Dataset records —

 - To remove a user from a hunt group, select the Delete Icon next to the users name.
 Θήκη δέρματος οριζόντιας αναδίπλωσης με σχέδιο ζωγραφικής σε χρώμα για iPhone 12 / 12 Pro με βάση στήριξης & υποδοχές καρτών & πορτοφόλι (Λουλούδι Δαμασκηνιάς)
* * *
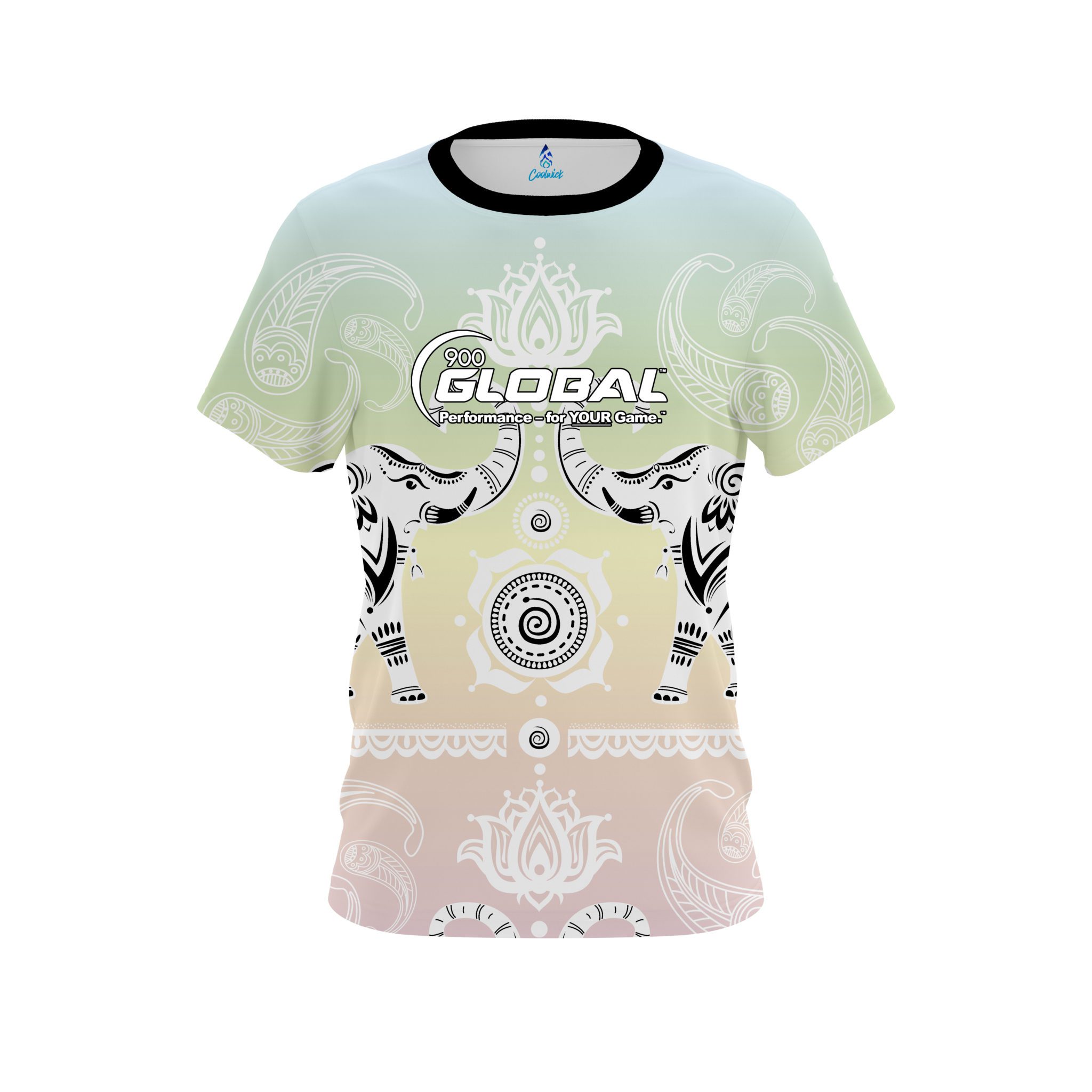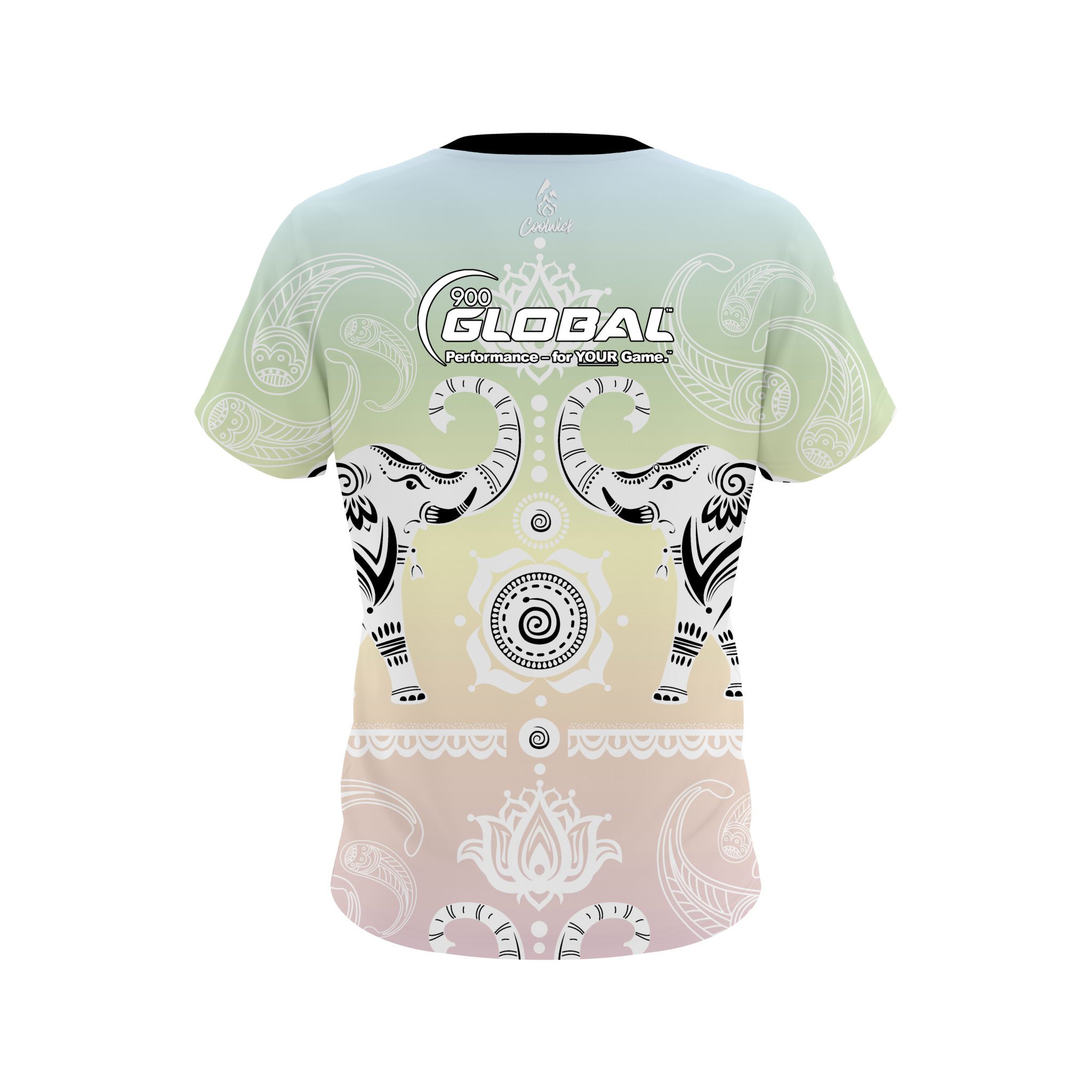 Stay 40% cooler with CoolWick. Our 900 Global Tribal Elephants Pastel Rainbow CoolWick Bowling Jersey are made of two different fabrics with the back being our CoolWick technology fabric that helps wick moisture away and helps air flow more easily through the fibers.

About this task —
Look in the material above for the line with "- To remove" and the line with "Θήκη δέρματος οριζόντιας", and transcribe exactly those lines and all lines between them, nothing more.

Expected answer —
 - To remove a user from a hunt group, select the Delete Icon next to the users name.
 Θήκη δέρματος οριζόντιας αναδίπλωσης με σχέδιο ζωγραφικής σε χρώμα για iPhone 12 / 12 Pro με βάση στήριξης & υποδοχές καρτών & πορτοφόλι (Λουλούδι Δαμασκηνιάς)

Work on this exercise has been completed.